Most of all, staff numbers have failed to rise to meet the challenge of more violent criminals being put behind bars. The pressure cooker predictably exploded in the Birmingham Prison riot of 2016.

Ideas for reform have come in fits and starts — which is nothing new. I remember writing about the stand-offs between Jack Straw and Falconer on the wisdom of early release schemes in this paper more than a decade ago. David Cameron gave a brave speech for a leader in 2016 questioning the effectiveness of having such a large prison population and the failure to reduce reoffending. “Warehousing ever more prisoners,” he noted, “is not financially sustainable, nor is it necessarily the most cost-effective way of cutting crime.”
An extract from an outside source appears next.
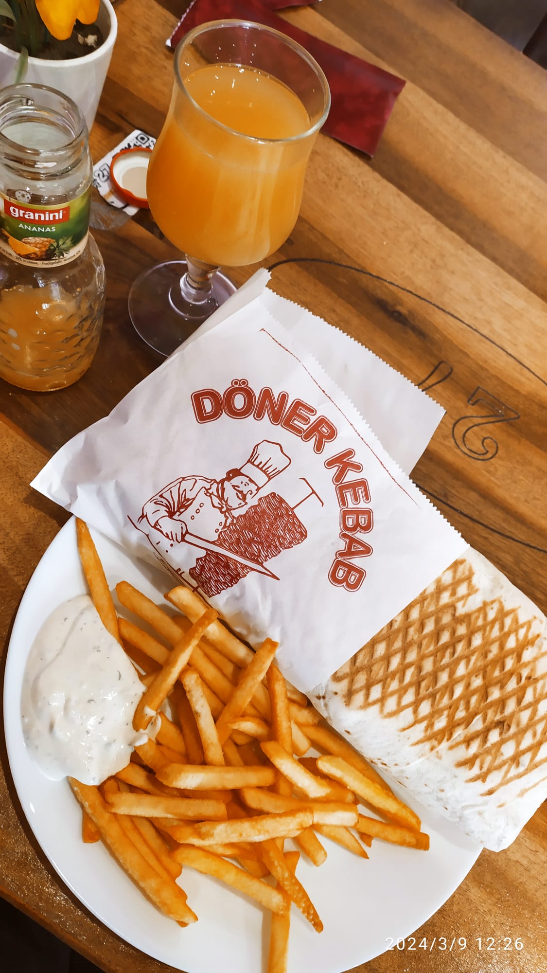 Rien a dire c'était très bon. Les döners c'est fait maison et très bon, assiette un peu petit mais ça suffit. Les prix sont abordable. Je vous conseille vivement.
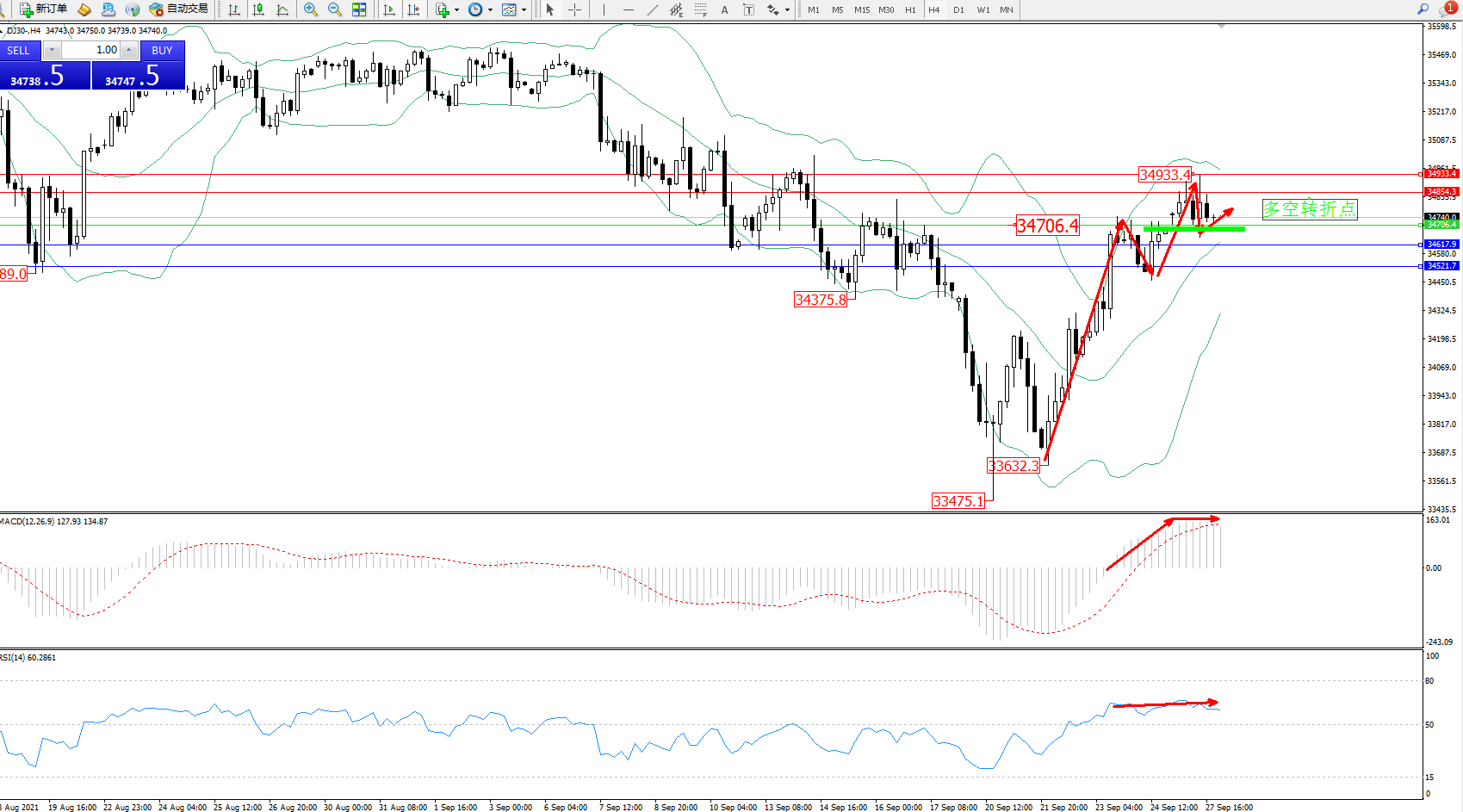 道琼斯指数DJ30——4小时K线图显示:

"We all have to live with the consequences of institutions that brutalise rather than punish and reform"

Even allowing for the fact that 2016 turned out to be the Ides of March for Cameron and the May Government has been a one-stop shop of Brexit troubles since, the lack of any sustained plan for improving our prisons is lamentable.

Too many “whizzy” ideas, to cite an experienced prison governor, come and go. Schemes such as social impact bonds, through which investors receive dividends based on the results achieved by a project — in this case a reduction of reoffending — were trialled with a fanfare in Peterborough but quietly ended early, with only minor improvements to their name.
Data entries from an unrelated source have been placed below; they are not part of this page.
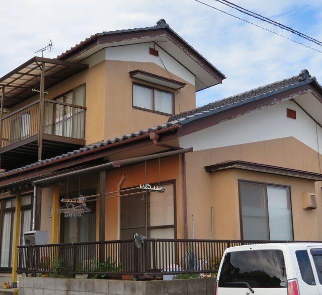 「外壁全体にチョーキング現象(色あせ)が見られ、防水機能が低下しているサインが出ています。大切なお住まいを長く守るため、高耐久な塗料をご提案いたしました。」
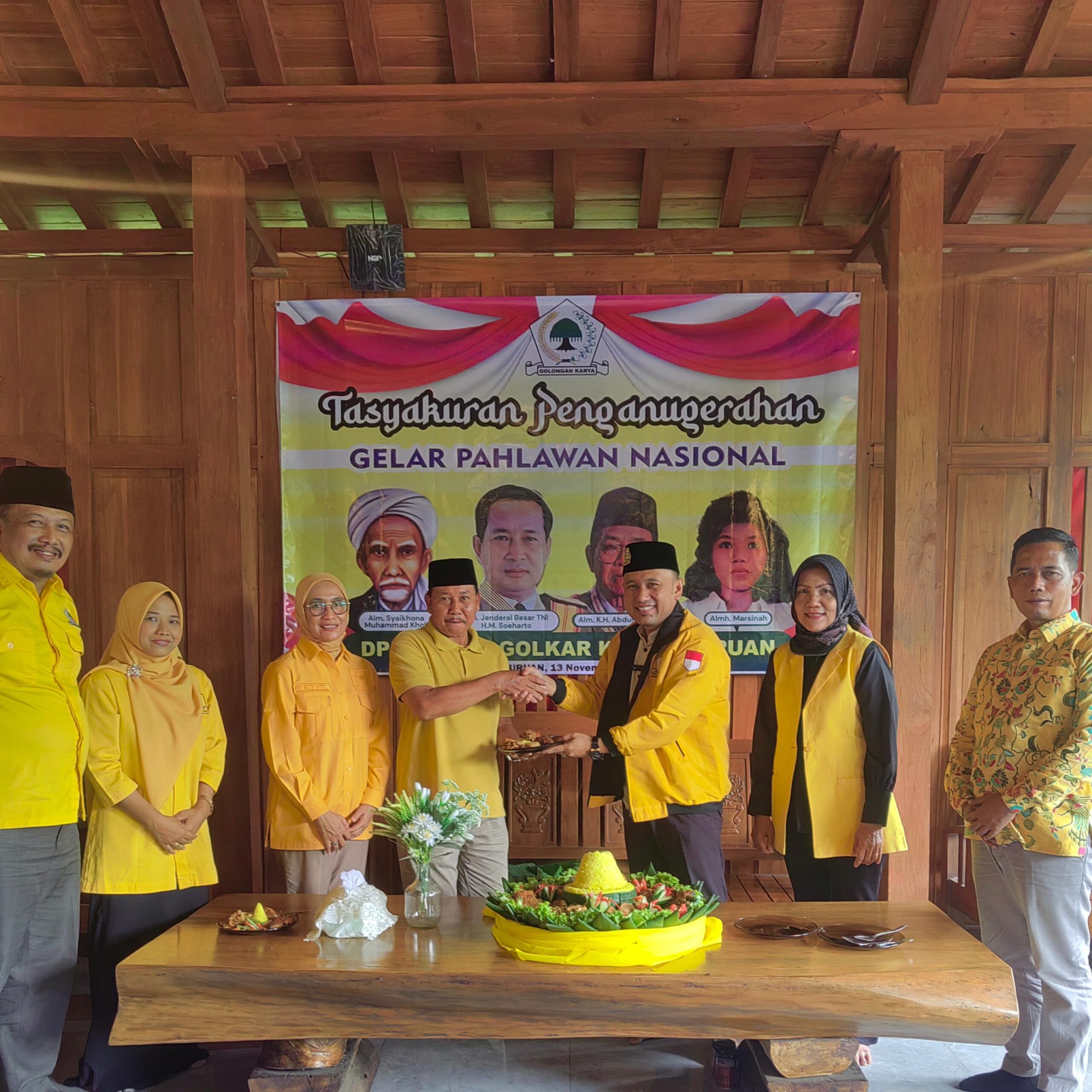PASURUAN, Projatim.id — Dewan Pimpinan Daerah (DPD) Partai Golkar Kabupaten Pasuruan menggelar tasyakuran atas penganugerahan gelar Pahlawan Nasional yang diberikan oleh Presiden Republik Indonesia Prabowo Subianto kepada 10 tokoh bangsa.
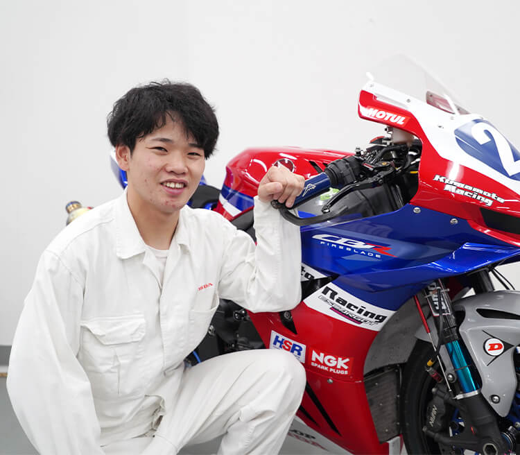 高校時代からバイクにのめり込んでいたため、世界をリードするバイクメーカーであるHondaの学校を選びました。在学中は部活に打ち込み、仲間と一致団結してレースに出場したことが良い思い出に。授業では基礎、部活では応用を学べる最高の環境でした。この会社に入社したきっかけは、担任の先生に「バイクが好きならホンダモーターサイクルジャパンがいいよ」とすすめられたこと。日本市場において、Hondaのバイクにはだいたい当社が関わっています。だからこそ日々たくさんの学びがあり、改めてバイクの楽しさや魅力を感じています。社会に出ると、知識はもちろん、人間関係やモノの考え方で人との差がうまれるもの。ホンダ学園では素晴らしい仲間とさまざまな考え方を学び、楽しい学園生活を過ごせたことが今に役立っています。

Liabilities ended up back with the probation and other after-prison services and the conclusion that the scheme had too small an impact (ironically) to scale up.

Overall, the Ministry of Justice is one of the departments which, as a former incumbent puts it, has “more pilots than easyJet”. It also churns through ministers too quickly to be effective. Chris Grayling presided over an extraordinary muddle of policies, of which the strangest was the aborted attempt to sell British “expertise” in prisons and probation to Saudi Arabia. His successor, Michael Gove, pushed prison literacy as part of a broader rehabilitation mission, which now languishes untended.

We are on our third Justice Secretary since then (after Liz Truss and David Lidington) with no discernible trace left by the previous incumbents.

This week’s outrage will fade because prisons are something few of us see or dwell on. Yet we all have to live with the consequences of re-offending and institutions that brutalise rather than punish and reform. Dostoevsky understood something we have forgotten: the reason to improve our jails is not because we have to but because we should.